Unraveling the genetic background of individuals with a clinical familial hypercholesterolemia phenotype

Collaborators, Affiliations

Unraveling the genetic background of individuals with a clinical familial hypercholesterolemia phenotype

Ana Margarida Medeiros et al. J Lipid Res. 2024 Feb.

Abstract

Familial hypercholesterolemia (FH) is a common genetic disorder of lipid metabolism caused by pathogenic/likely pathogenic variants in LDLR, APOB, and PCSK9 genes. Variants in FH-phenocopy genes (LDLRAP1, APOE, LIPA, ABCG5, and ABCG8), polygenic hypercholesterolemia, and hyperlipoprotein (a) [Lp(a)] can also mimic a clinical FH phenotype. We aim to present a new diagnostic tool to unravel the genetic background of clinical FH phenotype. Biochemical and genetic study was performed in 1,005 individuals with clinical diagnosis of FH, referred to the Portuguese FH Study. A next-generation sequencing panel, covering eight genes and eight SNPs to determine LDL-C polygenic risk score and LPA genetic score, was validated, and used in this study. FH was genetically confirmed in 417 index cases: 408 heterozygotes and 9 homozygotes. Cascade screening increased the identification to 1,000 FH individuals, including 11 homozygotes. FH-negative individuals (phenotype positive and genotype negative) have Lp(a) >50 mg/dl (30%), high polygenic risk score (16%), other monogenic lipid metabolism disorders (1%), and heterozygous pathogenic variants in FH-phenocopy genes (2%).
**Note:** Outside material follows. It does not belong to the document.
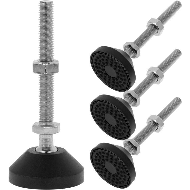 Piedini di livellamento in acciaio. Base girevole che permette al piede di adattarsi a superfici irregolari. Piedi metrici M10 Specifiche Piedini di livellamento metrici M10. Confezione da 4 unità. Stelo filettato lungo 80 mm. Diametro del piede 50 mm. Base girevole che permette al piede di adattarsi a superfici irregolari.
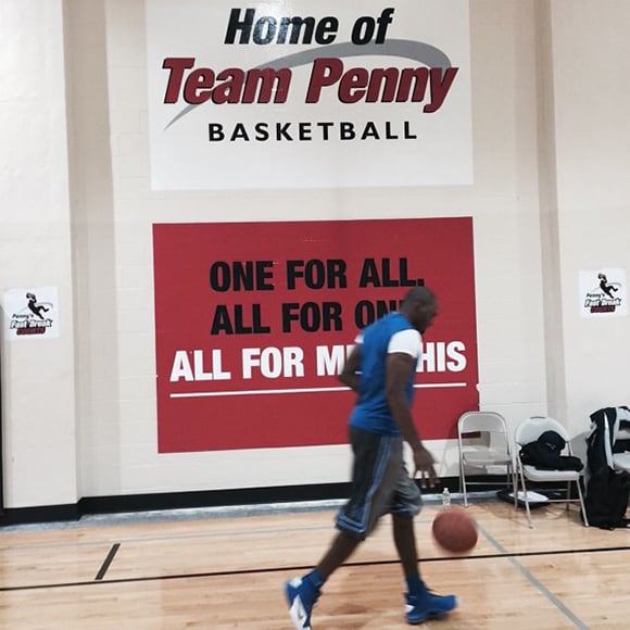 Practicing in Memphis, Hardaway had on a predominate blue pair of Nike Air Penny 6. If you squint you can also see some black used along with white. A while back, Nike released the Zoom Rookie, a hybrid of some shoes worn by Hardaway in all blue which quickly latched on to the nickname Memphis Blues.

Heterozygous variants of uncertain significance were identified in primary genes (12%) and phenocopy genes (7%). Overall, 42% of our cohort was genetically confirmed with FH. In the remaining individuals, other causes for high LDL-C were identified in 68%. Hyper-Lp(a) or polygenic hypercholesterolemia may be the cause of the clinical FH phenotype in almost half of FH-negative individuals. A small part has pathogenic variants in ABCG5/ABCG8 in heterozygosity that can cause hypercholesterolemia and should be further investigated. This extended next-generation sequencing panel identifies individuals with FH and FH-phenocopies, allowing to personalize each person's treatment according to the affected pathway.

Keywords: FH-phenocopy genes; familial hypercholesterolemia; hyper-Lp(a); polygenic hypercholesterolemia.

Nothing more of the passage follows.